NLP In Healthcare And Life Sciences Market Size, Share & Trends Analysis Report By Technique (Smart Assistance, OCR), By End-use (Providers, Payers), By Region, And Segment Forecasts, 2024 - 2030
NLP In Healthcare And Life Sciences Market Growth & Trends:
The global NLP in healthcare and life sciences market size is expected to reach USD 37.0 billion by 2030. It is projected to grow at a CAGR of 34.7% over the forecast period, according to a new report by Grand View Research, Inc. The growth of the market is attributed to the increasing demand to enhance care delivery and patient engagement, the growing need for predictive analytics to improve significant health concerns, the rising focus on enhancing clinical decision support, and the growing investment for AI integration in healthcare.

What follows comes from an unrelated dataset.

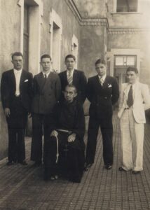 Foto emprestada pelo saudoso artista plástico Eugênio Nardin. Foi tirada em 11 de julho de 1939 no Seminário Seráfico São Fidelis, em Piracicaba. Aparecem nela David Furlan, Waldemar Arana, Homero Scudeller, Eugênio Nardin e Aurelio Brossi, todos juntos ao mestre …

The increasing demand for advanced clinical decision support is driving the adoption of NLP in healthcare and life sciences. Natural Language Processing (NLP) offers a solution by enabling the extraction of complex information from various sources beyond the capabilities of conventional clinical decision support systems. This enhances decision-making by incorporating unstructured data, such as physician narratives and patient notes. Integrating NLP aims to improve clinical decision support, providing a more thorough understanding of patient data and ultimately facilitating better healthcare outcomes and well-informed medical actions. For instance, in November 2030, Elsevier Health, a medical information and analytics leader, entered a strategic alliance with OpenEvidence, a provider of artificial intelligence capabilities in the medical field. This collaboration aims to develop ClinicalKey AI, an advanced clinical decision support system. This system merges up-to-date, evidence-based medical content with advanced generative AI to assist healthcare professionals during patient care. It features a natural language interface that provides access to content alongside continuously updated evidence-based research crucial for medical training and decision-making at the point of care.
Artificial Intelligence (AI) and Machine Learning (ML) technologies were increasingly utilized for precise diagnostic processes, mostly in identifying COVID-19-positive individuals through tailored patient data. A study published by NCBI in 2020 demonstrated that AI-enhanced algorithms successfully identified 68% of COVID-19-positive cases within a sample of 25 patients, initially misdiagnosed as negative by medical practitioners. The deployment of AI and ML in healthcare aims to improve patient outcomes, minimize equipment downtime, and reduce medical costs, contributing to market expansion. The onset of the pandemic has significantly boosted the integration of AI-driven technologies in patient and medication management, diagnostics, system interoperability, claims handling, workflow enhancement, and cybersecurity measures.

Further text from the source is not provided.